# What is required
Retype only the lines below from the one with "Vagabond House’s Sailboat" to the one with "Drs. J.M.C. Teppema", inclusive, skipping every image.

# Recorded data

Content starts

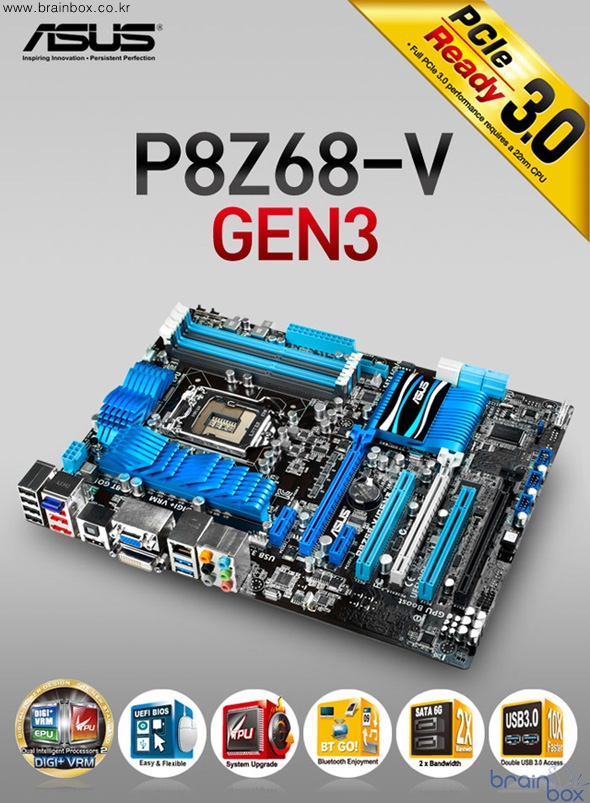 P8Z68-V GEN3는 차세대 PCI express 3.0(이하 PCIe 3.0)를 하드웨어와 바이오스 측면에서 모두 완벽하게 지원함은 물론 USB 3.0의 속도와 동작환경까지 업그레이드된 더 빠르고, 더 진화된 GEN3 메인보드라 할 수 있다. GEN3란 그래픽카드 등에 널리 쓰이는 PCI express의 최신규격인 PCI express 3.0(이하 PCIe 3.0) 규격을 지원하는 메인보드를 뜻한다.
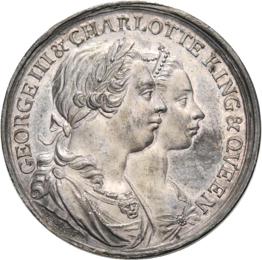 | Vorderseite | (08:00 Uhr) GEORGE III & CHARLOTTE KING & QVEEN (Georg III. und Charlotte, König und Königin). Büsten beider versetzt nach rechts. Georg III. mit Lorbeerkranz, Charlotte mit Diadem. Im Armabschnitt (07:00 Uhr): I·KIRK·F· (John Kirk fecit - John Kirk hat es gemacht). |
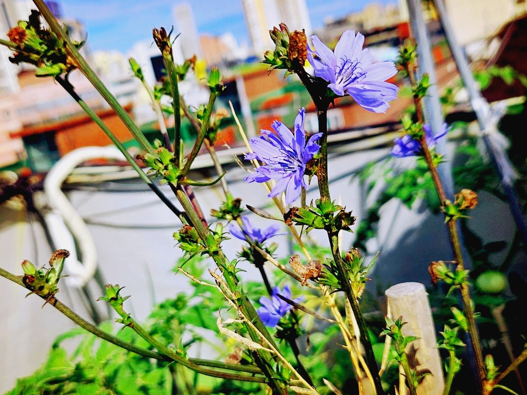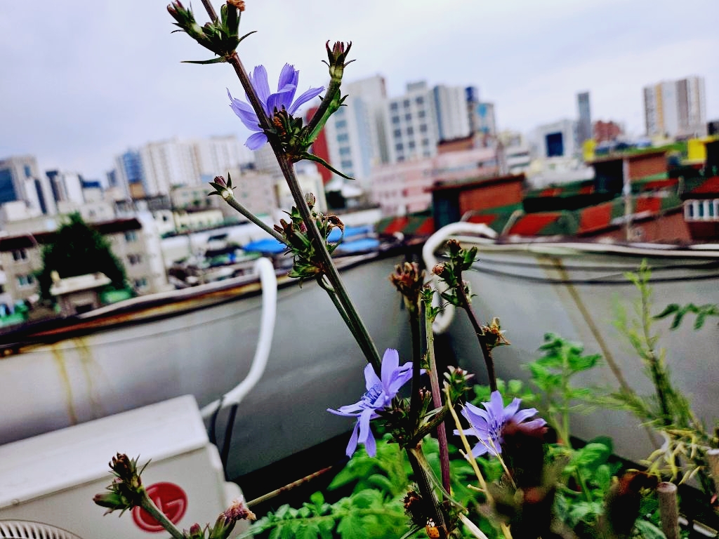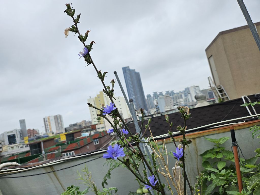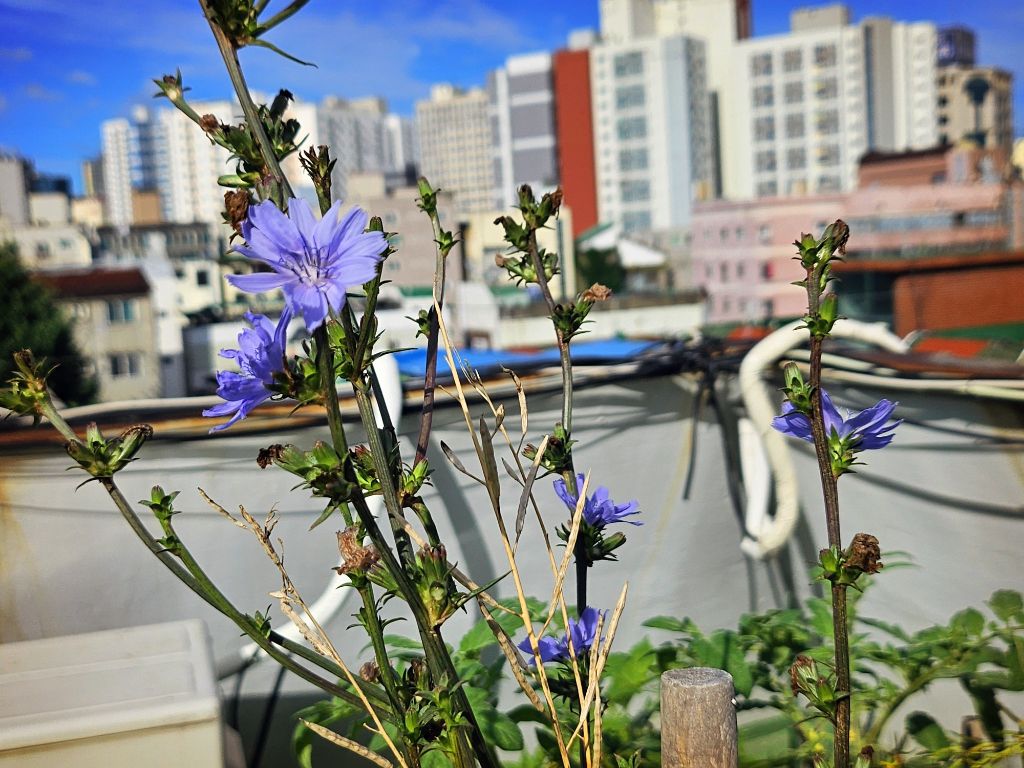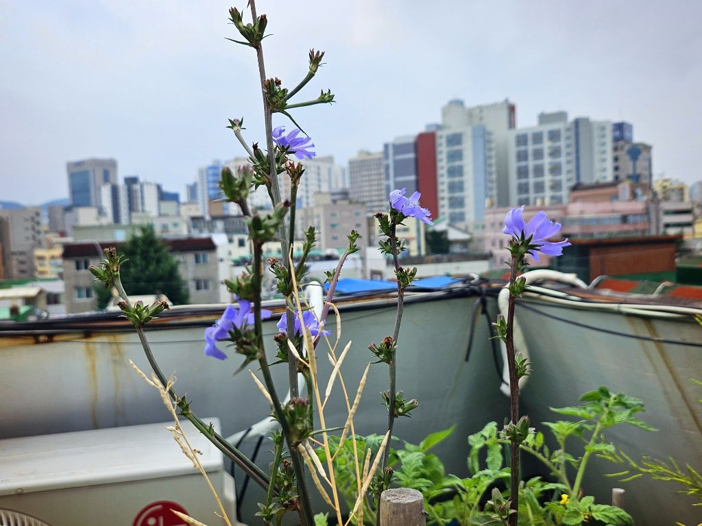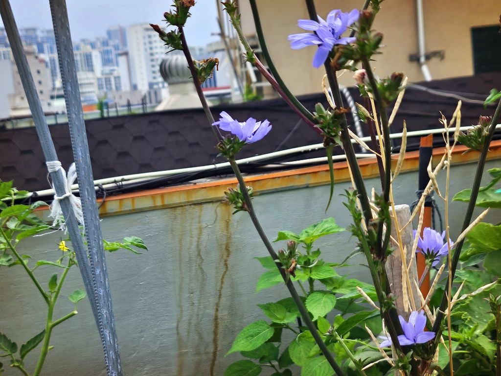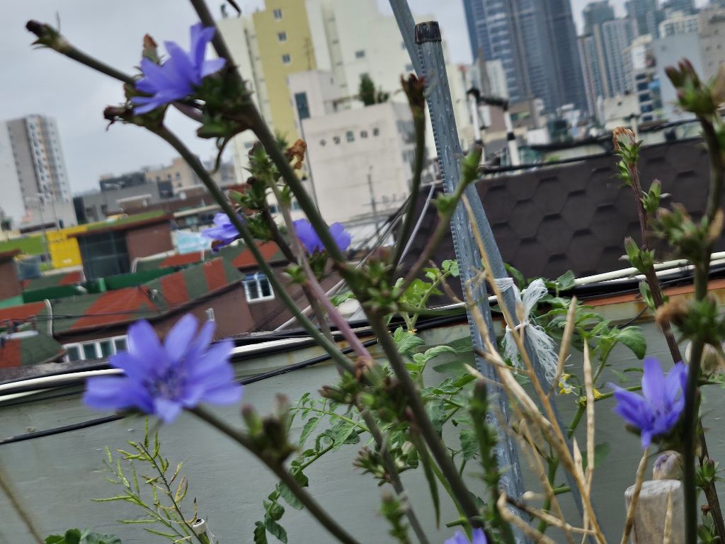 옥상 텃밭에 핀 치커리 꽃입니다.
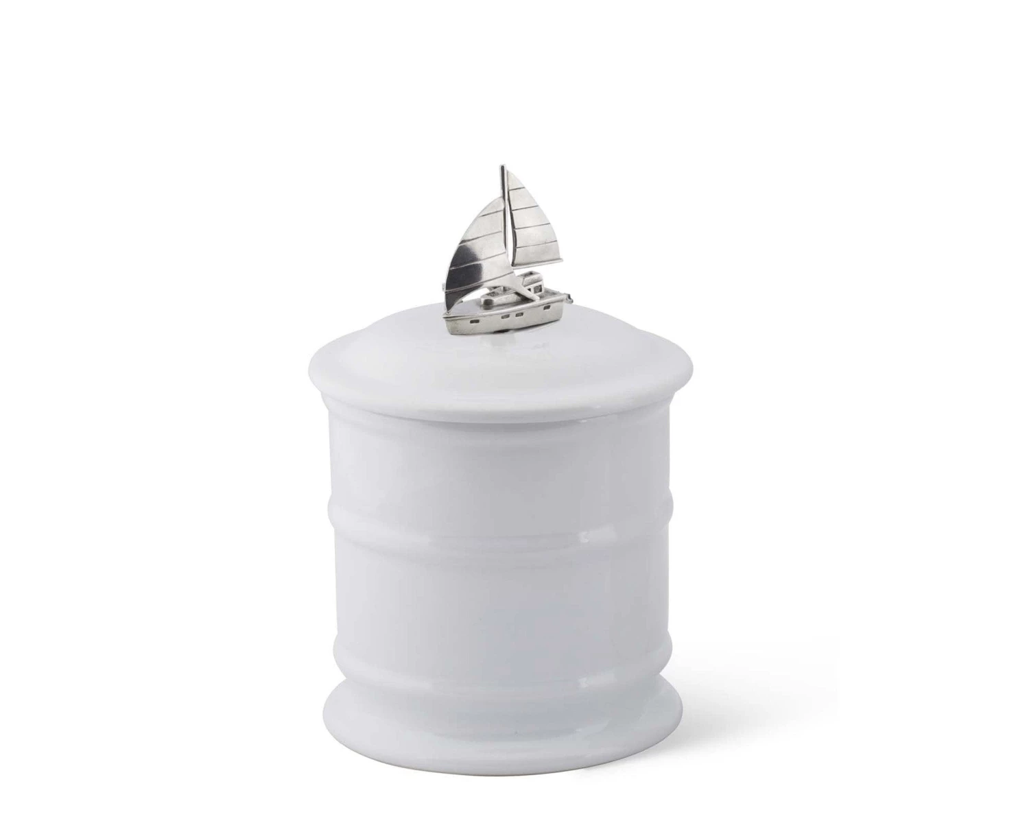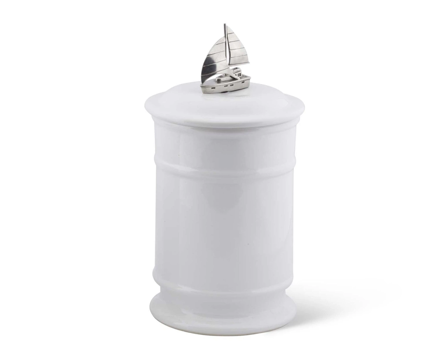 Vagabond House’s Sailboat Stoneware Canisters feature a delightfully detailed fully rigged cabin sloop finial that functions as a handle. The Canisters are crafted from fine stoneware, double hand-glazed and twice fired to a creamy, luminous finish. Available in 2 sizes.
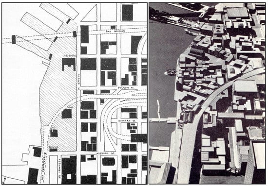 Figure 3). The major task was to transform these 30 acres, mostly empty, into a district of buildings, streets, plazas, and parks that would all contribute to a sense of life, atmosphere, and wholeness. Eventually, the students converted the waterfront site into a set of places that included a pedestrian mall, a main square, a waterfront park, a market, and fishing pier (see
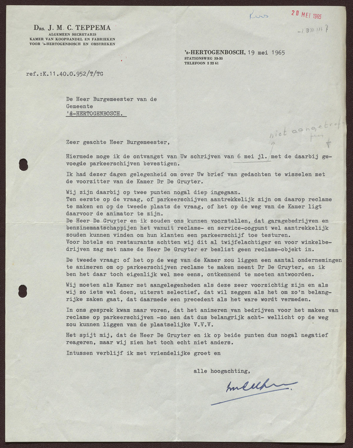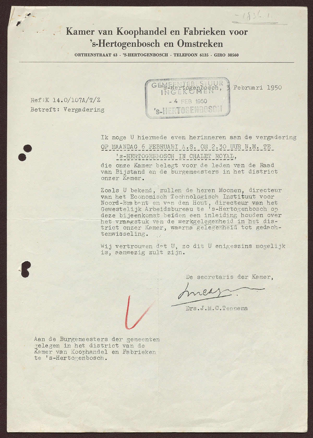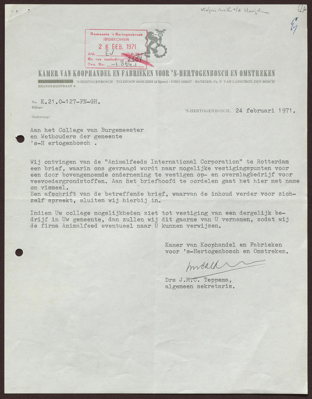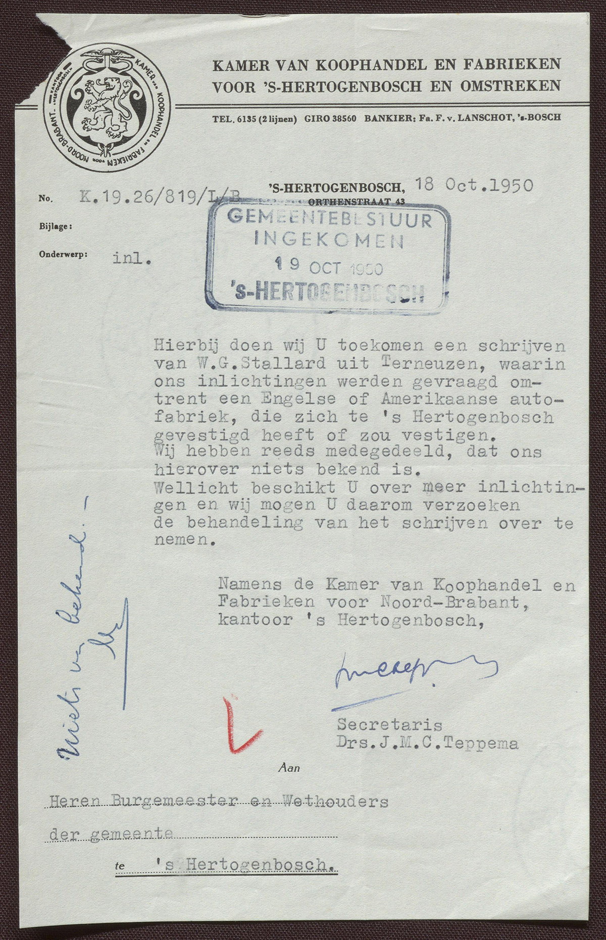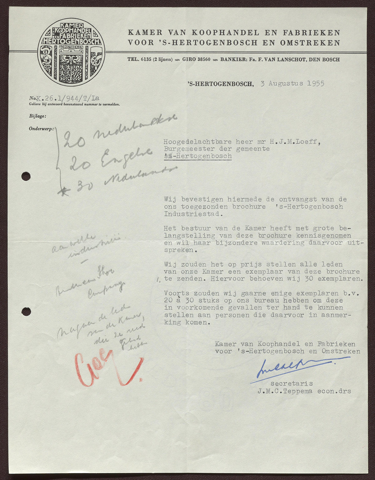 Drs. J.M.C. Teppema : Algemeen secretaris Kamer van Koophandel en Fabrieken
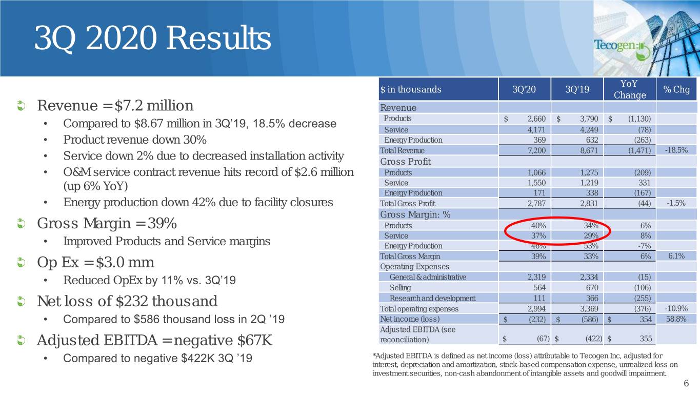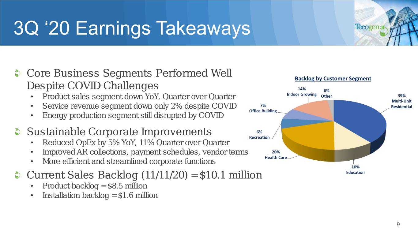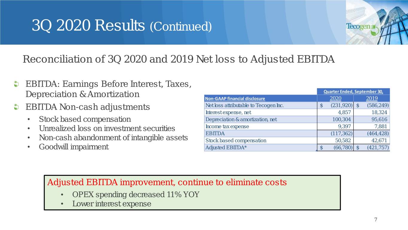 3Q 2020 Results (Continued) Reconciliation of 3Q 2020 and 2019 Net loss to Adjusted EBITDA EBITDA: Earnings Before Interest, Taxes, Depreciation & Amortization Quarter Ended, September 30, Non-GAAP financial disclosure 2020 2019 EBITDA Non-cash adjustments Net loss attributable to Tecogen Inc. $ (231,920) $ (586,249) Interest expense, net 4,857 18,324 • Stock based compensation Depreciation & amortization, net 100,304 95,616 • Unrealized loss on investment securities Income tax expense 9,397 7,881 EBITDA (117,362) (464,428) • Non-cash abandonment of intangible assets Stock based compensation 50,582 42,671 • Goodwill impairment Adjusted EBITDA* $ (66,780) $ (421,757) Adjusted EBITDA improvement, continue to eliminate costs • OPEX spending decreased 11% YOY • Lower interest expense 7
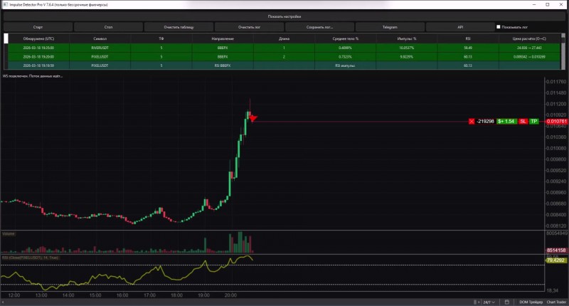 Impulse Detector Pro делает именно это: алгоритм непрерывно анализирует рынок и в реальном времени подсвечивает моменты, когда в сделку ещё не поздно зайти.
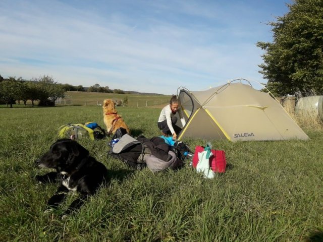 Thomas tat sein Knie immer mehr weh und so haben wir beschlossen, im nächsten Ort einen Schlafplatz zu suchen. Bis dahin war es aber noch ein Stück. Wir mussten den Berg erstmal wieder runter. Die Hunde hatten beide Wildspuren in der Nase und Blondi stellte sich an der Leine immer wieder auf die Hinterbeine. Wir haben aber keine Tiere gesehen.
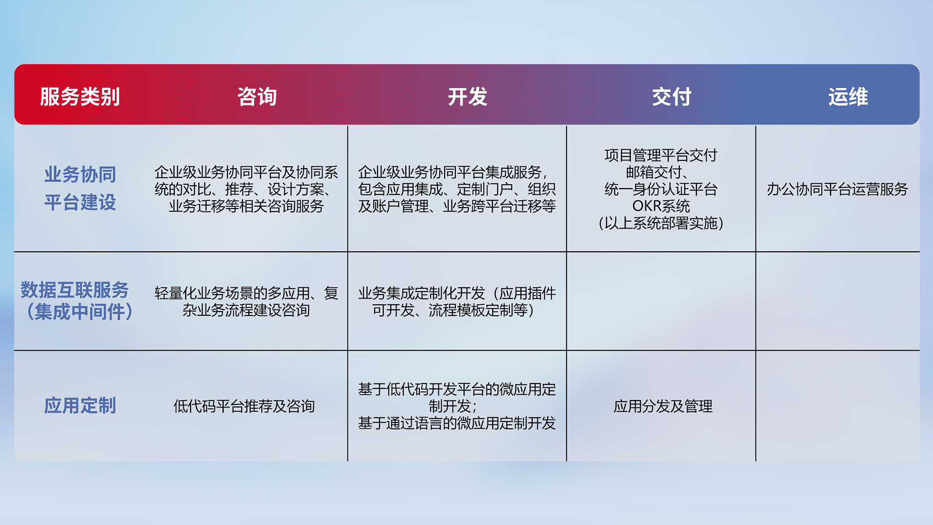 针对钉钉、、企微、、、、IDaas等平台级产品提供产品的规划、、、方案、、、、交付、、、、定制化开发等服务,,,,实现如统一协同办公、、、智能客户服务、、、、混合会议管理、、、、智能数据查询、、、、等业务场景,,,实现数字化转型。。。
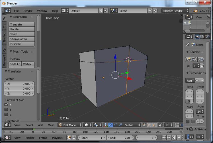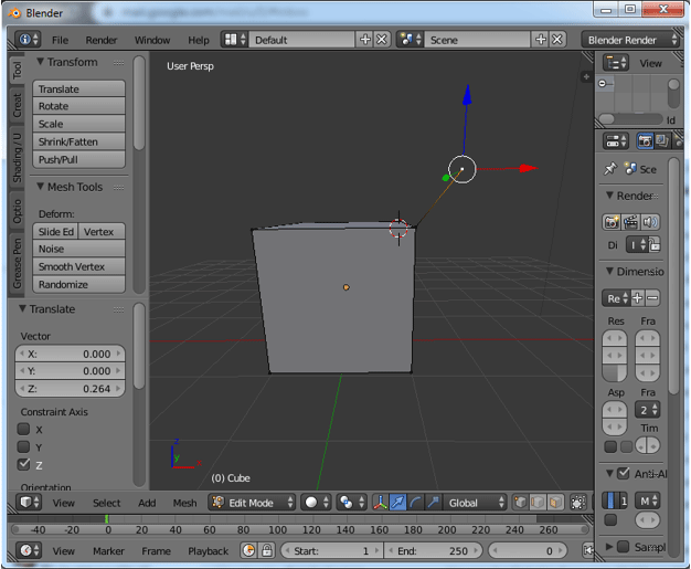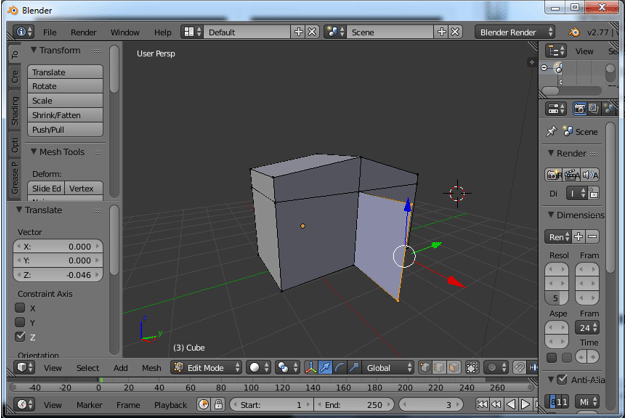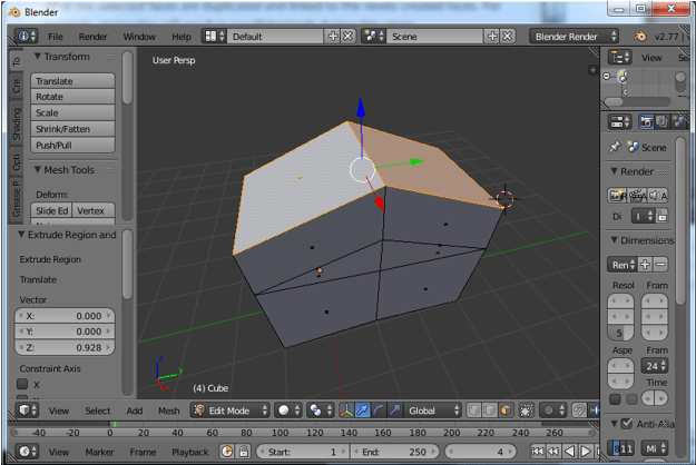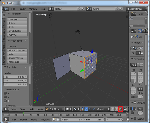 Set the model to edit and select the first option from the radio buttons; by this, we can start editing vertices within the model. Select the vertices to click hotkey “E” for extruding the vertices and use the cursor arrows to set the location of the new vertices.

Content ends

# Final answer
 Vagabond House’s Sailboat Stoneware Canisters feature a delightfully detailed fully rigged cabin sloop finial that functions as a handle. The Canisters are crafted from fine stoneware, double hand-glazed and twice fired to a creamy, luminous finish. Available in 2 sizes.
 Figure 3). The major task was to transform these 30 acres, mostly empty, into a district of buildings, streets, plazas, and parks that would all contribute to a sense of life, atmosphere, and wholeness. Eventually, the students converted the waterfront site into a set of places that included a pedestrian mall, a main square, a waterfront park, a market, and fishing pier (see
 Drs. J.M.C. Teppema : Algemeen secretaris Kamer van Koophandel en Fabrieken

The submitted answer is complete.